The upcoming release of Featuretools 1.0.0 contains several breaking changes. Users are encouraged to test this version prior to release by installing from GitHub:

pip install https://github.com/alteryx/featuretools/archive/woodwork-integration.zip

For details on migrating to the new version, refer to Transitioning to Featuretools Version 1.0. Please report any issues in the Featuretools GitHub repo or by messaging in Alteryx Open Source Slack.


featuretools.Entity

class featuretools.Entity(id, df, entityset, variable_types=None, index=None, time_index=None, secondary_time_index=None, last_time_index=None, already_sorted=False, make_index=False, verbose=False)[source]

Represents an entity in a Entityset, and stores relevant metadata and data

An Entity is analogous to a table in a relational database

See also

Relationship, Variable, EntitySet

__init__(id, df, entityset, variable_types=None, index=None, time_index=None, secondary_time_index=None, last_time_index=None, already_sorted=False, make_index=False, verbose=False)[source]

Create Entity

Parameters
  • id (str) – Id of Entity.

  • df (pd.DataFrame) – Dataframe providing the data for the entity.
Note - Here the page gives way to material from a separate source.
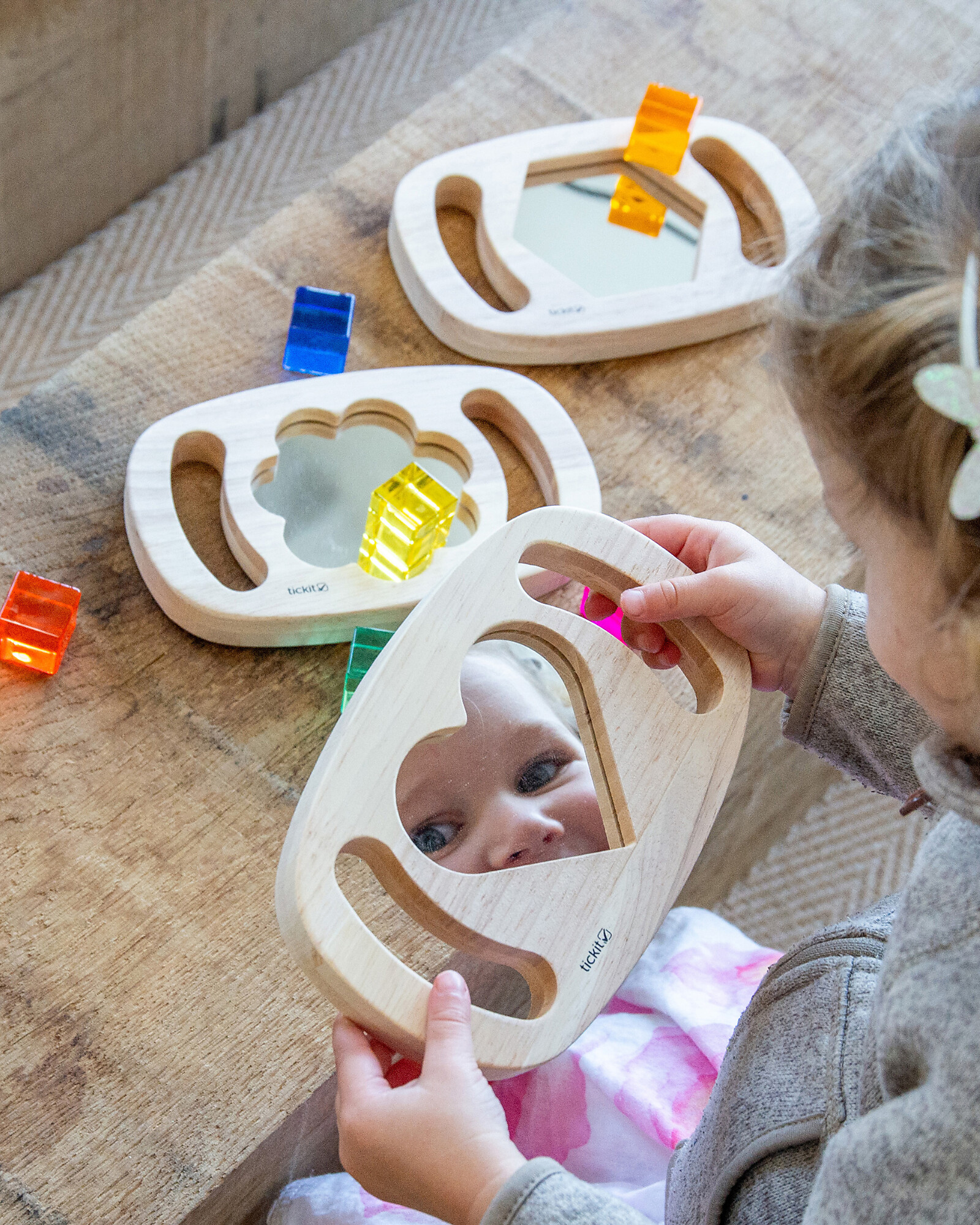 Set of 3 Sensory Toys in FSC Rubber Wood - Mirrors with Shapes - Easy Hold - 12m+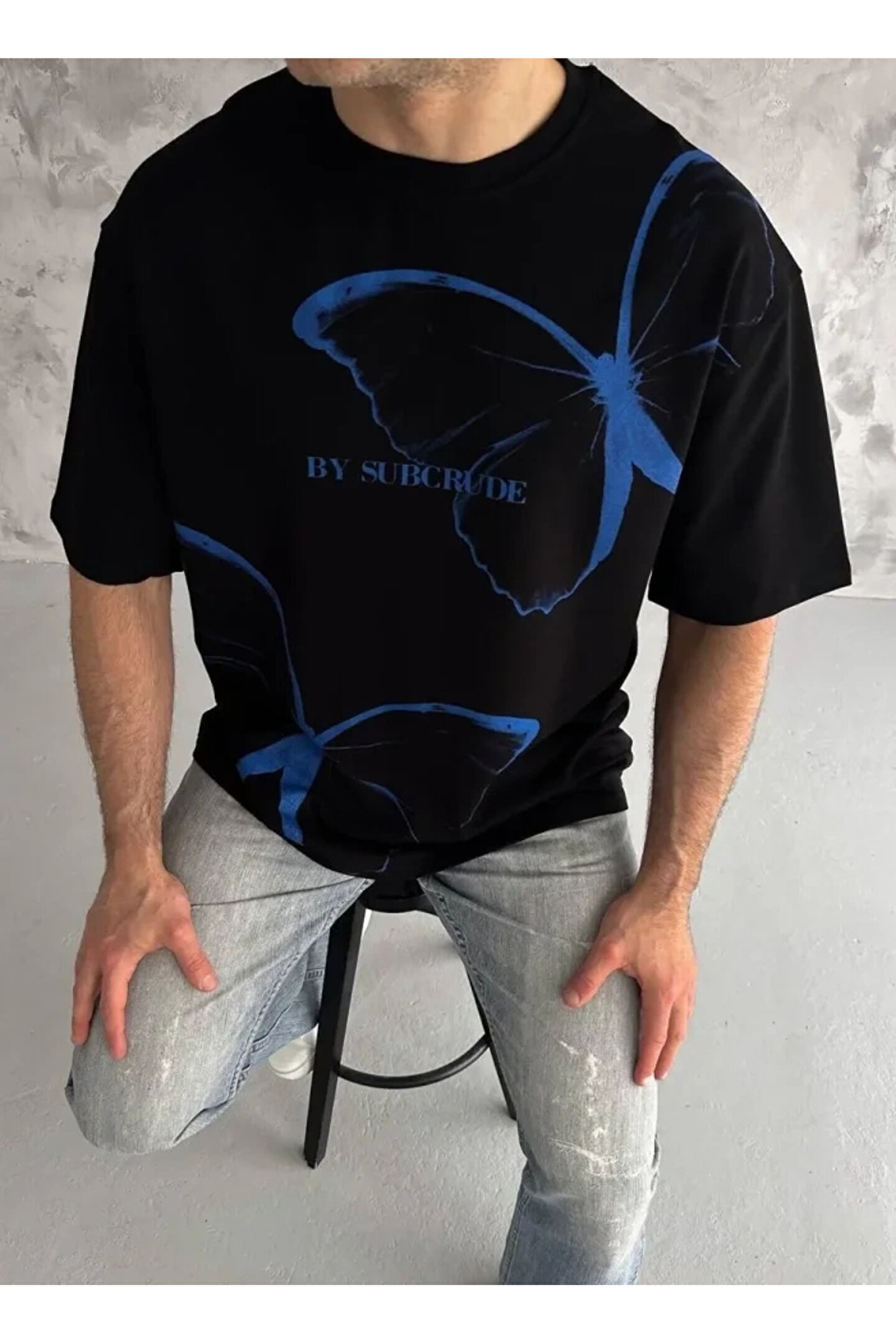 Unisex Bisiklet Yaka Baskılı Oversize T-Shirt - Siyah

  • entityset (EntitySet) – Entityset for this Entity.

  • variable_types (dict[str -> type/str/dict[str -> type]]) – An entity’s variable_types dict maps string variable ids to types (Variable) or type_string (str) or (type, kwargs) to pass keyword arguments to the Variable.

  • index (str) – Name of id column in the dataframe.

  • time_index (str) – Name of time column in the dataframe.

  • secondary_time_index (dict[str -> str]) – Dictionary mapping columns in the dataframe to the time index column they are associated with.

  • last_time_index (pd.Series) – Time index of the last event for each instance across all child entities.

  • make_index (bool, optional) – If True, assume index does not exist as a column in dataframe, and create a new column of that name using integers the (0, len(dataframe)). Otherwise, assume index exists in dataframe.

Methods

__init__(id, df, entityset[, …])

Create Entity

add_interesting_values([max_values, verbose])

Find interesting values for categorical variables, to be used to

convert_variable_type(variable_id, new_type)

Convert variable in dataframe to different type

delete_variables(variable_ids)

Remove variables from entity’s dataframe and from self.variables

set_index(variable_id[, unique])

param variable_id

Name of an existing variable to set as index.

set_secondary_time_index(secondary_time_index)

set_time_index(variable_id[, already_sorted])

update_data(df[, already_sorted, …])

Update entity’s internal dataframe, optionaly making sure data is sorted, reference indexes to other entities are consistent, and last_time_indexes are consistent.

Attributes

df

Dataframe providing the data for the entity.

last_time_index

Time index of the last event for each instance across all child entities.

shape

Shape of the entity’s dataframe

variable_types

Dictionary mapping variable id’s to variable types